WASHINGTON, Dec. 9, 2015 - For generations, farmers have observed newborn and other young pigs beset with tremors sometimes so severe that the pigs can’t suckle and they starve to death. Often called “the shakes,” it has been a nervous system disorder with no specific name and no cure, and otherwise healthy piglets ​most often survived it.

Now researchers at Kansas State and Iowa State universities, using next-generation sequencing, which quickly reads millions of samples of genetic material, have identified the culprit virus and can tell farmers why their little pigs shiver. At KSU’s Veterinary Diagnostic Laboratory, researcher Benjamin Hause calls the newly discovered pathogen atypical porcine pestivirus, or APPV.
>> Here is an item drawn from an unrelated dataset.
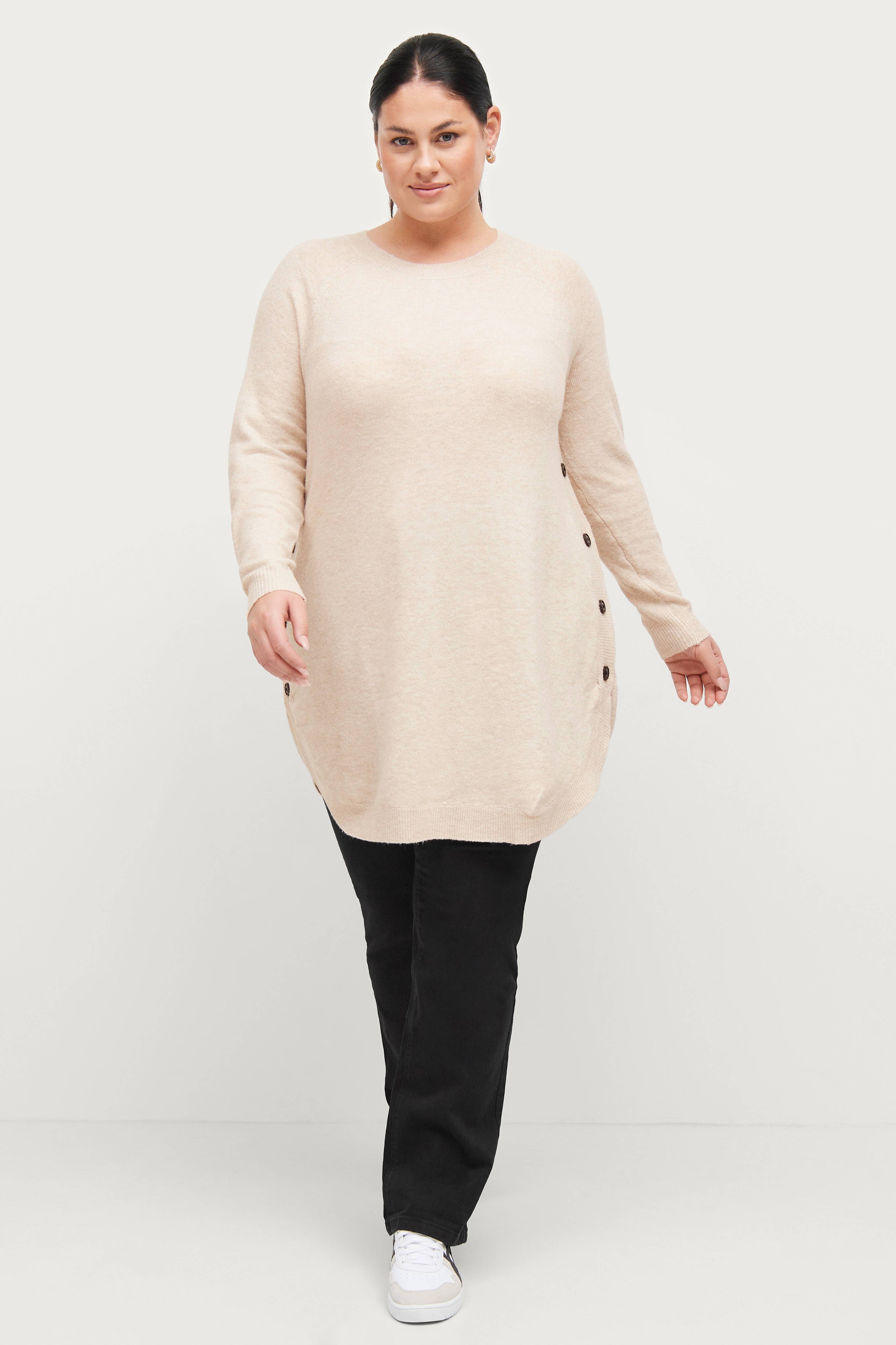• Dekorative knapper i siderne• Ribstrikkede ærmeafslutninger• Afrundet søm• Bred, ribstrikket halsudskæring• Store størrelser• Længde: 93 cm i størrelse S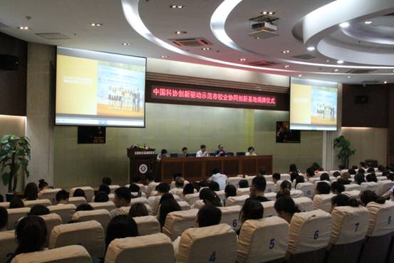 党的十八大明确提出创新驱动发展战略。高校作为国家创新体系的重要组成部分,把全面提升创新能力摆在高等教育综合改革的核心位置,为实施创新驱动发展战略和建设创新型国家贡献力量。为进一步提升我校创新能力,搭建好创新平台,6月29日上午,我校在学术报告厅隆重举行中国科协创新驱动示范市—校企协同创新基地揭牌仪式。咸阳市科学技术协会主席亚斌建、副主席苏蓉、部长陈华涛、学院院长王兴林、科技处副处长强选萍出席本次活动,会议由国际经济学院院长韦林珍主持。

Pestivirus strains have long been linked to cow and sheep diseases and classical swine fever in pigs. Hause reports his team had earlier discovered the new pestivirus but didn’t link it to pigs until it got blood samples from two North Carolina farms where 700 weaner pigs (age five to 14 weeks) had gotten the shakes so severely last spring that they died.
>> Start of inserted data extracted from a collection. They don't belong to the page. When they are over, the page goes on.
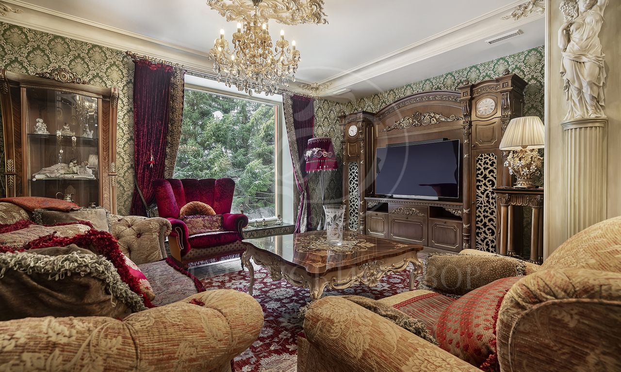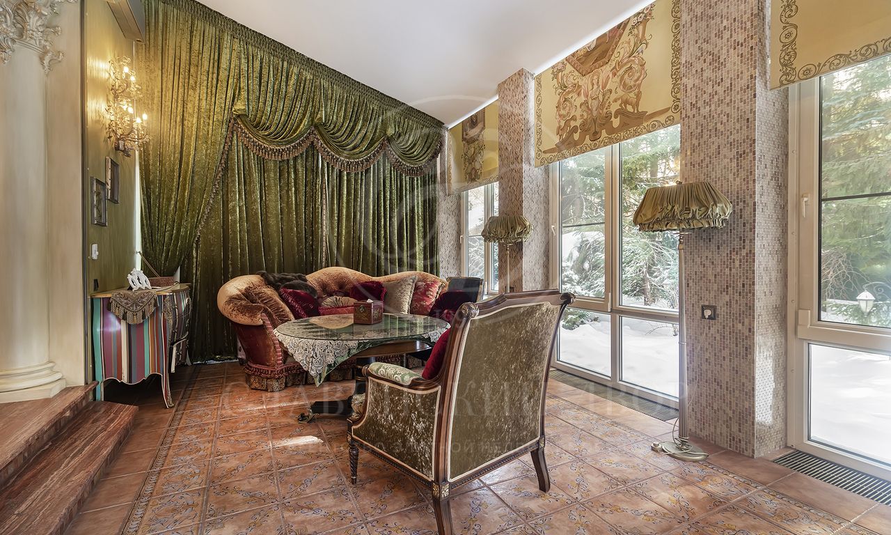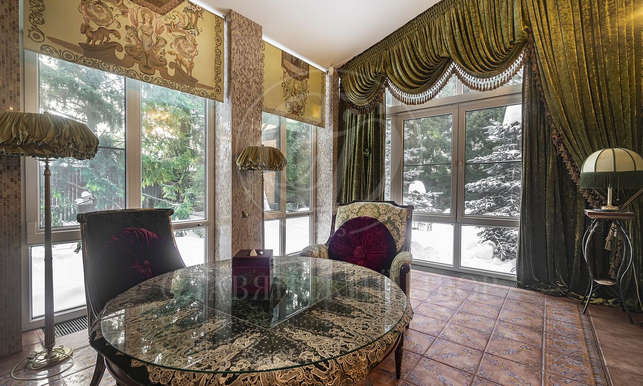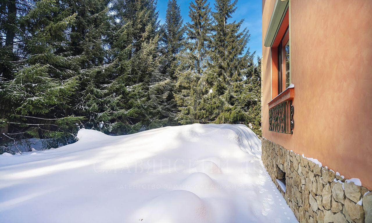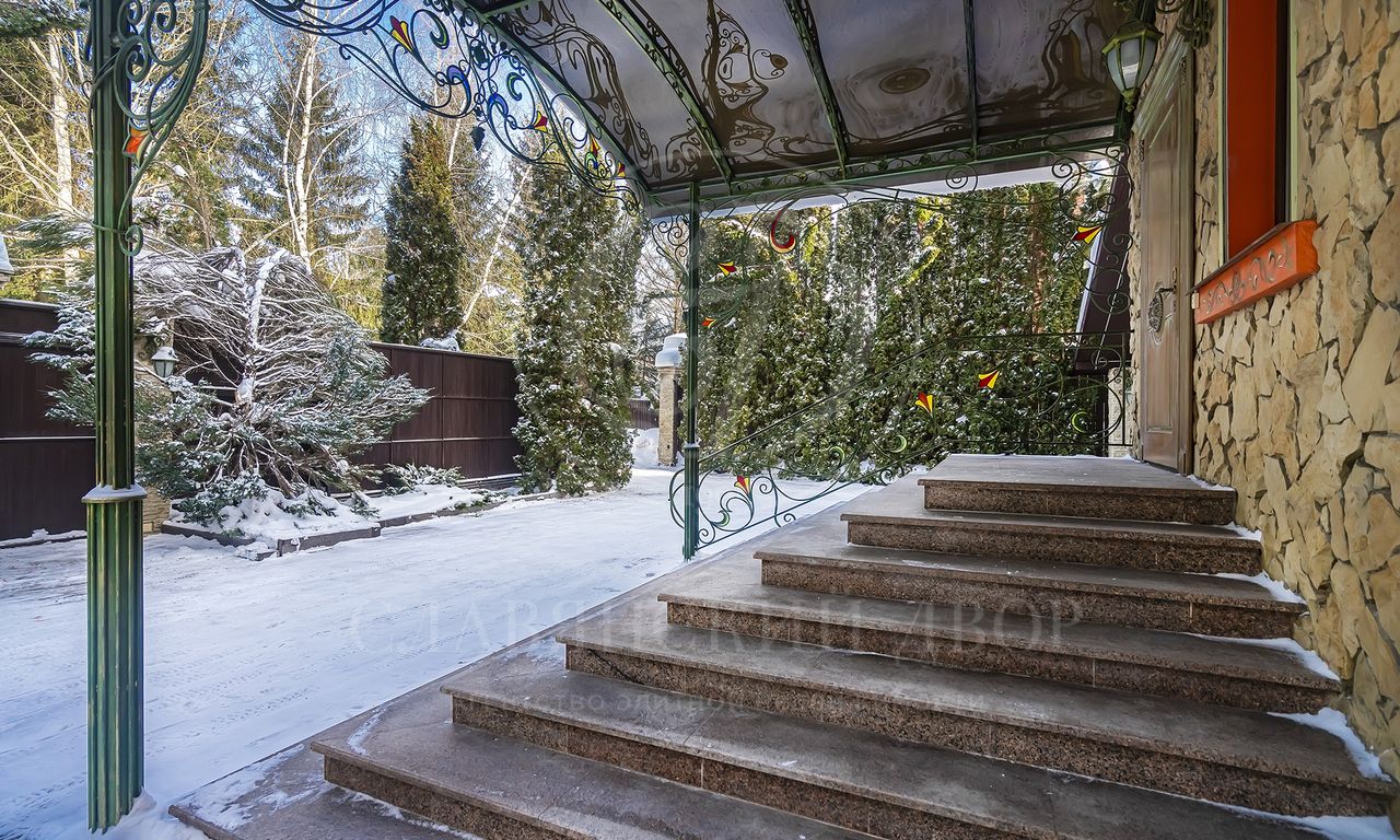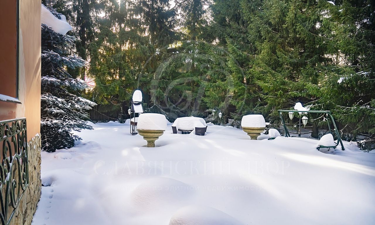 Участок утопает в зелени: ели и туи высотой до 12 метров создают эффект собственного леса и полную приватность. Дорожки и терраса выложены итальянским гранитом. На участке — зона отдыха с профессиональным мангалом и тандыром, садовая мебель, навес на 2 автомобиля и парковка ещё на 2. Территория ухожена и приватна.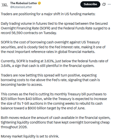 - Record SOFR Spread Volume, Swap Lines Being Pre-Wired, and $25B Month-End Equity Selling: The Plumbing Is Easing While the Narrative Still Says Tight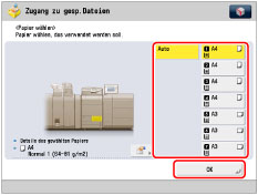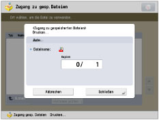abbrechen.)Um den nächsten Druckauftrag zu reservieren, berühren Sie die Taste [Schließen] → Führen Sie das Verfahren zum Reservieren eines Druckauftrags durch. (Vgl. Abschnitt "Reservieren von Jobs".)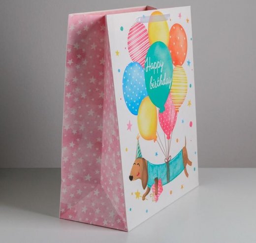 Купить Пакет подарочный Happy birthday Такса с шариками 49 × 40 × 19 см в Новосибирске Вы можете в магазине развивающих и настольных игр "Игры Почемучек".
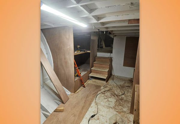 Progress! We will finish blocking for sonar tube today. Be ready for fiber glass tomorrow. Dennis will finish walls for head and shower base, then we can install bulkhead forward and start on anchor locker in bow.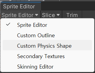 Sprite Editor창의 왼족 위에 풀다운 메뉴에서 Custom Physics Shape를 선택하면 충돌 판정을 패스로 설절할 수 있어 플레이어가 출입구로 진입하는 방향을 제한할 수 있습니다. 스프라이트를 선택하고 Generate를 선택하면 해당 스프라이트의 주변에 사각형 포인터가 배치되고 흰선으로 테두리가 만들어집니다. 하얀테두리 영역이 충돌판정 범위가 됩니다.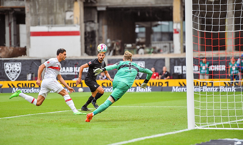 After the restart, Flekken was back among the action quickly. A chipped ball down the line from Waldemar Anton had played VfB’s Borna Sosa clean through and he was bearing down on goal – the Dutchman denied his opponent in a one-on-one (47’). Freiburg went straight up the other end and fashioned a shot through Doan, whose attempt was dealt with easily by the home goalkeeper.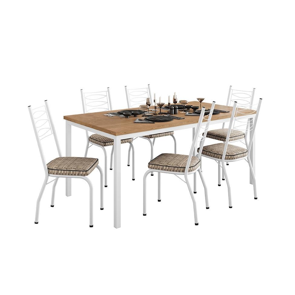 Conjunto de Mesa Retangular com Tampo de MDP Amadeirado e 6 Cadeiras Adriana Revestimento Sintético Marrom e Branco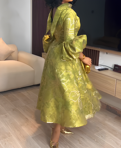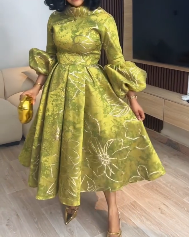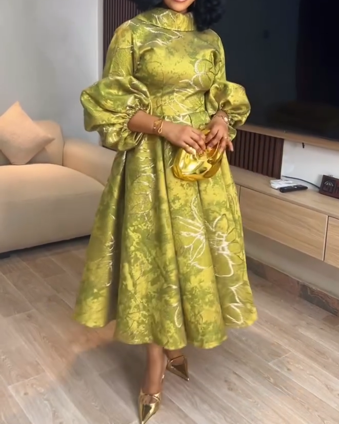 This dress is made of soft high-end custom jacquard fabric with bright colors. It is suitable for parties. Wearing it, you will definitely be the most eye-catching!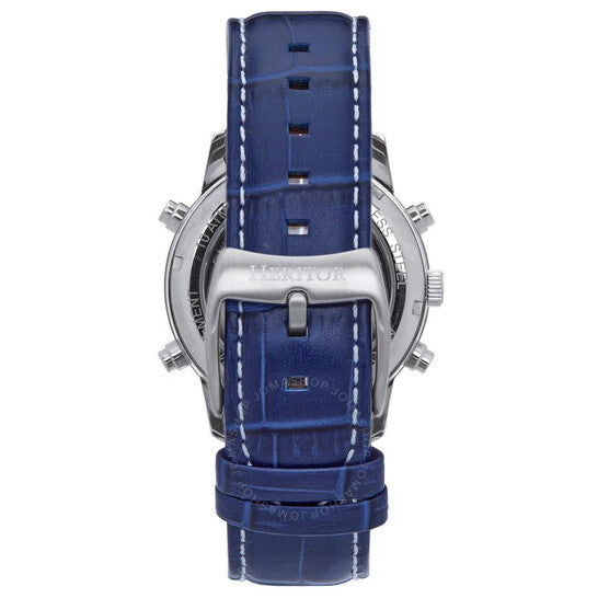 Band Color: Blue Stainless Steel; Band Width: 21mm near case; 20mm near clasp/buckle; Bezel Color: Silver; Case: Silver + Circle-Shaped; Case Finish: Polished + Stainless Steel; Case Thickness: 15mm; Case Width: 42mm; 45mm with Crown; Clasp / Buckle: Fold Over Push Button Deployment; Dial: Silver + Analog; Hand Color: Silver; Movement: Chinese + Automatic; Time Zones: Single; Water Resistance: 10 ATM.

The KSU lab also tested pig blood samples from around the Midwest earlier this year and discovered antibodies to the newly found pestivirus in 90 percent of samples. That means most pigs have had the APPV pathogen in their lives, whether showing symptoms or not, Hause explains. However, it seems often to cause tremors in pigs at birth and/or during the first months of life.

Hause says he hopes that KSU’s tests to detect the virus will lay groundwork to understanding it better in time. The heavy losses to tremors in North Carolina are apparently very unusual in the U.S., he says, but the potential for spreading quickly to other farms and causing big problems across a region is unknown. “I hesitate to say anything, because we lack information. In terms of how easily it spreads: we have no idea,” he says.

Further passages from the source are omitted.